Case Description:We illustrate the case of a 68-year-old male who presented with coma, ocular gaze palsy, and severe bradycardia from bilateral thalamic nuclei and midbrain infarction, as described as an artery of Percheron infarction. The patient recovered neurologically under conservative treatment with a residual vertical diplopia from downward gaze palsy. He underwent cardiac pacer implantation for severe bradycardia at the end of his admission. The thalamic pathway associated with cardiac rhythm, especially the zona inserta, is discussed. Publications related to the artery of Percheron are reviewed.

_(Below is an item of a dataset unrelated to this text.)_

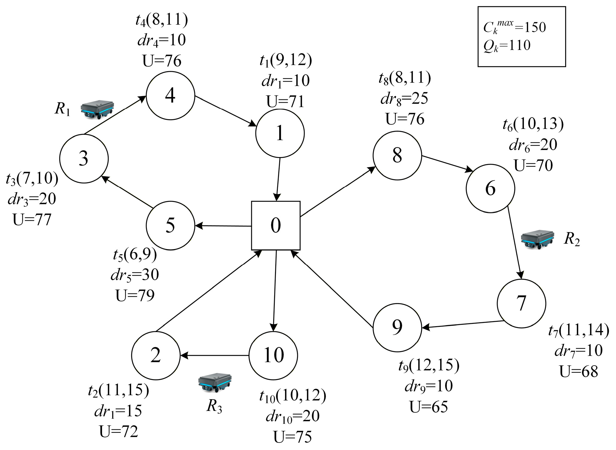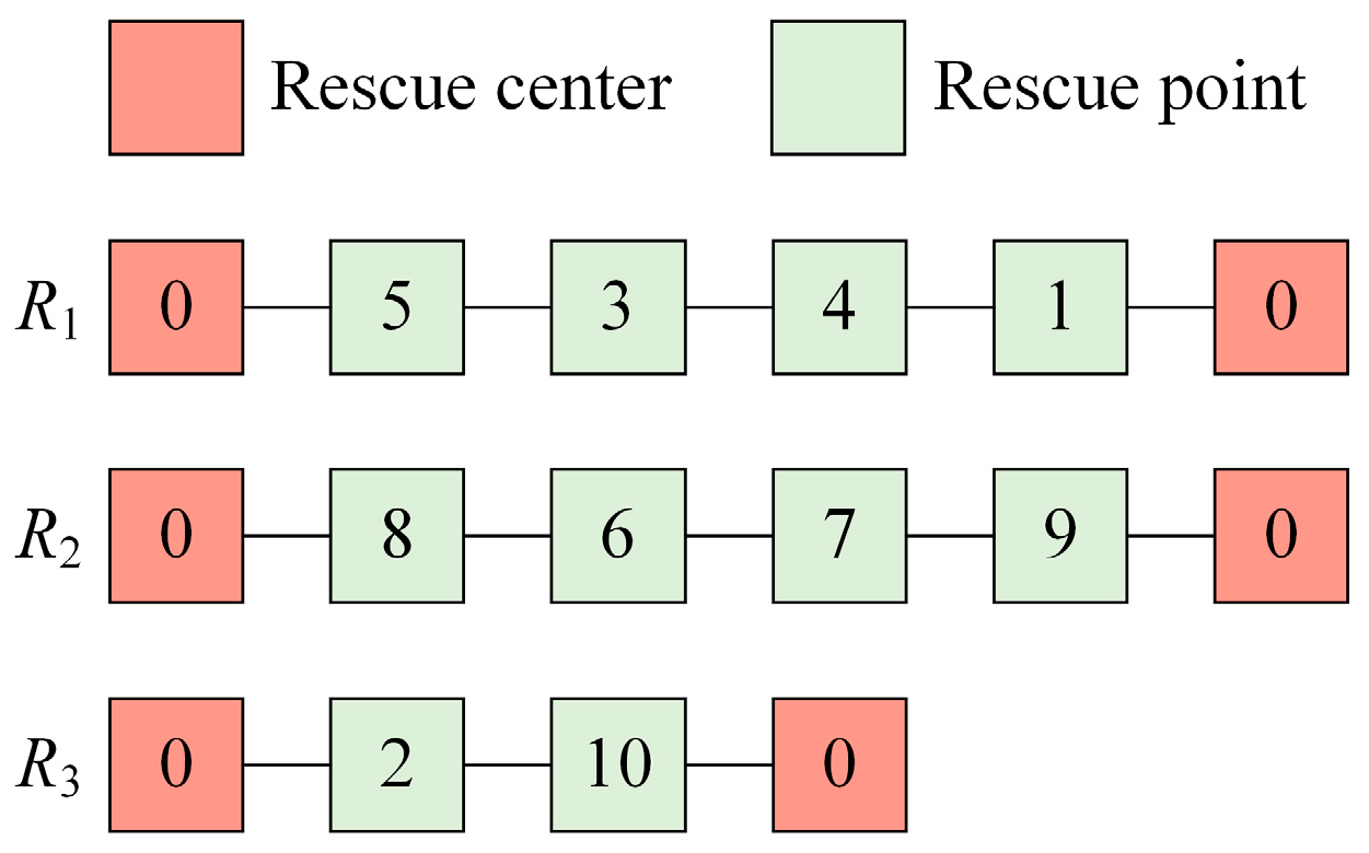 The problem is formulated as a directed connected graph G = (N, A), where N = {0} ∪ T is the set of vertices, 0 denotes the rescue center, T is defined as the set of rescue points, and A = {(i, j)|i, j ∈ T, i = j} is τ, the arc set composed of distances between rescue points. All rescue tasks are performed by k robots, and the robot set is R = {1, 2, …, k}. Each rescue point must be accessed by at least one robot to ensure smooth completion of all tasks. Additionally, without compromising generality, the following assumptions have been made: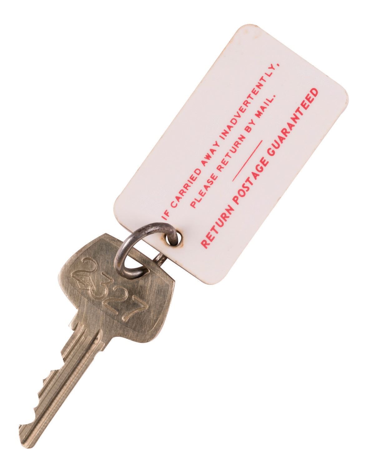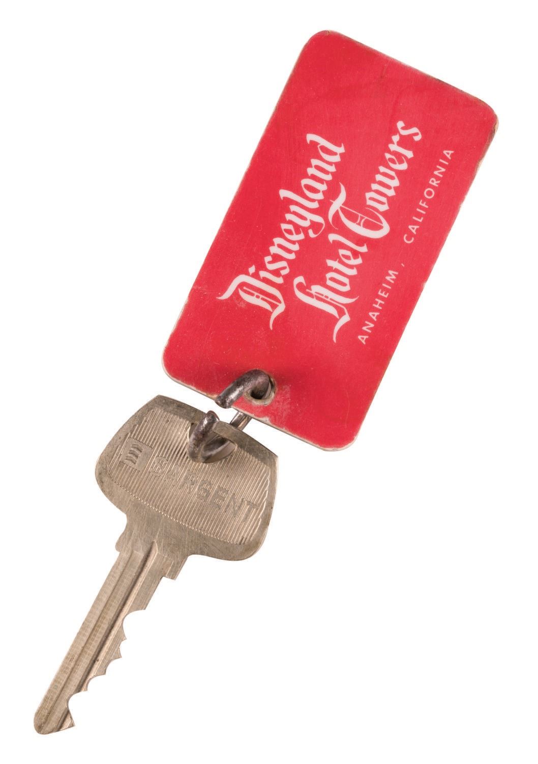 (Disneyland Hotel, 1960s-70s) A key and red keychain fob from The Disneyland Hotel Towers. The first Disneyland Hotel Tower was constructed in 1961, while the Sierra Tower was added in 1966. The fob measures 2.5"x1.5" while the Sargeant brand key is 2.5" long. Each is in very good condition with minor wear scuffs and wear from use.

Conclusion:Coma and ocular gaze palsy are the most common presentations following thalamic and midbrain ischemia from artery of Percheron infarction. To our knowledge, only a single case of artery of Percheron infarction with severe bradycardia has been reported in the past. Our case attested the role of thalamic nuclei controlling cardiac rhythm.

Keywords: Artery of Percheron, coma, severe bradycardia, thalamic infarct, Zonainserta


The artery of Percheron arises as a single common trunk from one of the posterior cerebral arteries (PCA), and provides a bilateral arterial blood supply to the paramedian thalamic and rostral midbrain.[ 6 14 ] Artery of Percheron variance is rare, with an incidence of 11.7% from cadaveric study.[ 6 ] The most common clinical presentations are coma and ocular movement disorders.[ 1 2 3 ] There are four patterns of magnetic resonance imaging (MRI) diffusion study, (1) bilateral paramedian thalamic with midbrain infarction (43%), (2) bilateral paramedian thalamic without midbrain infarction (38%), (3) bilateral paramedian thalamic with anterior thalamic and midbrain infarction (14%), and (4) bilateral paramedian thalamic with anterior thalamus without midbrain infarction (5%).[ 7 ] From a neurophysiology stand point, the thalamus is the part of Reticular Activating System (RAS) that mediates consciousness by connecting the brainstem, thalamus, and cerebral cortex.[ 6 ] The thalamus not only functions to maintain consciousness through the RAS but it also controls the cardiovascular response center at the zona incerta area.[ 12 ] Regarding the cardiovascular connection, zona inserta receives afferent fibers from the anterior insular cortex before sending efferent fibers to the cardiovascular center in medulla.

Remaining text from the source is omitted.